- WORK REQUIRED
Beginning with the line that holds "王建华创新工作室凭借在医疗技" and finishing with the line that holds "Гласит легенда, в", repeat the listing exactly, leaving every picture out.

- RECORDS FOR THIS EXERCISE
--- START ---

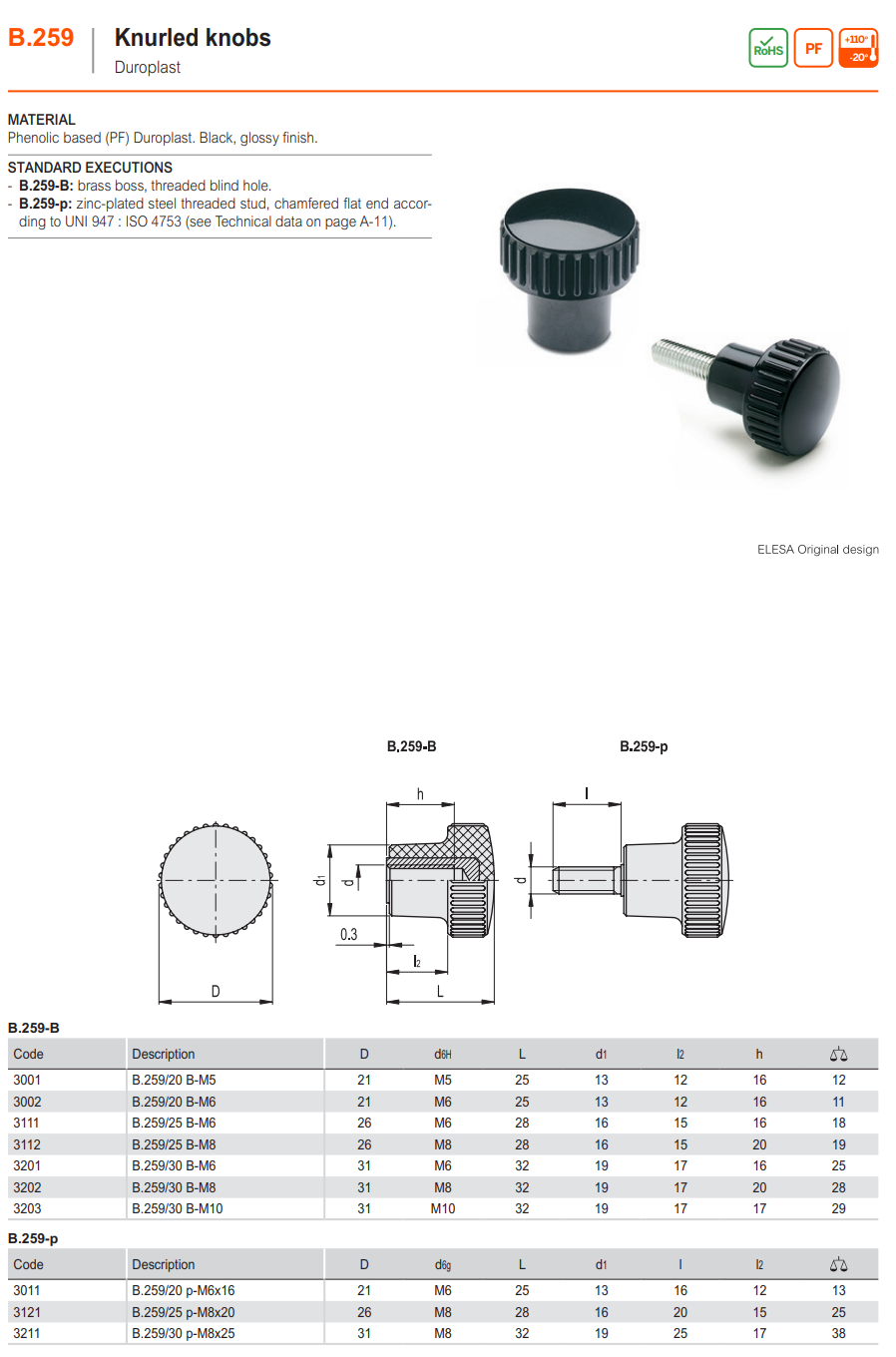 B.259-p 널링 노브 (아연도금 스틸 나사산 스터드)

--- END ---
--- START ---

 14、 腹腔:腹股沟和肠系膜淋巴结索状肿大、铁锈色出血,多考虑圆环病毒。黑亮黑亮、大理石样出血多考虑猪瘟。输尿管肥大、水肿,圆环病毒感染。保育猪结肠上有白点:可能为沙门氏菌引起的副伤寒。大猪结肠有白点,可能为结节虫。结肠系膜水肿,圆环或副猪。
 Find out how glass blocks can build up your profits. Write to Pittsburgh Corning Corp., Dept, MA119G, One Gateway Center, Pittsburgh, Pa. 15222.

--- END ---
--- START ---

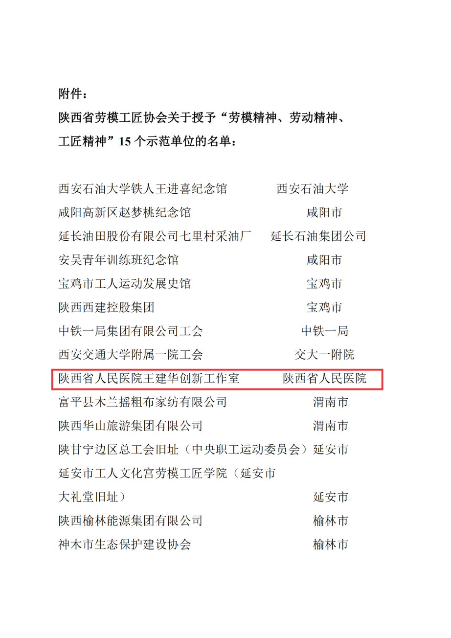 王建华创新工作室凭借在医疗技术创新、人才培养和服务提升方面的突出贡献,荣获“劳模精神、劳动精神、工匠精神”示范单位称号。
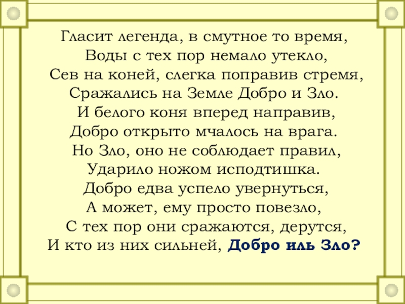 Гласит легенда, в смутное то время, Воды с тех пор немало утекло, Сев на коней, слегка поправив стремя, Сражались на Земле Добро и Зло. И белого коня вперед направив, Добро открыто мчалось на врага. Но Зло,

--- END ---

- PROBLEM SOLUTION
 王建华创新工作室凭借在医疗技术创新、人才培养和服务提升方面的突出贡献,荣获“劳模精神、劳动精神、工匠精神”示范单位称号。
 Гласит легенда, в смутное то время, Воды с тех пор немало утекло, Сев на коней, слегка поправив стремя, Сражались на Земле Добро и Зло. И белого коня вперед направив, Добро открыто мчалось на врага. Но Зло,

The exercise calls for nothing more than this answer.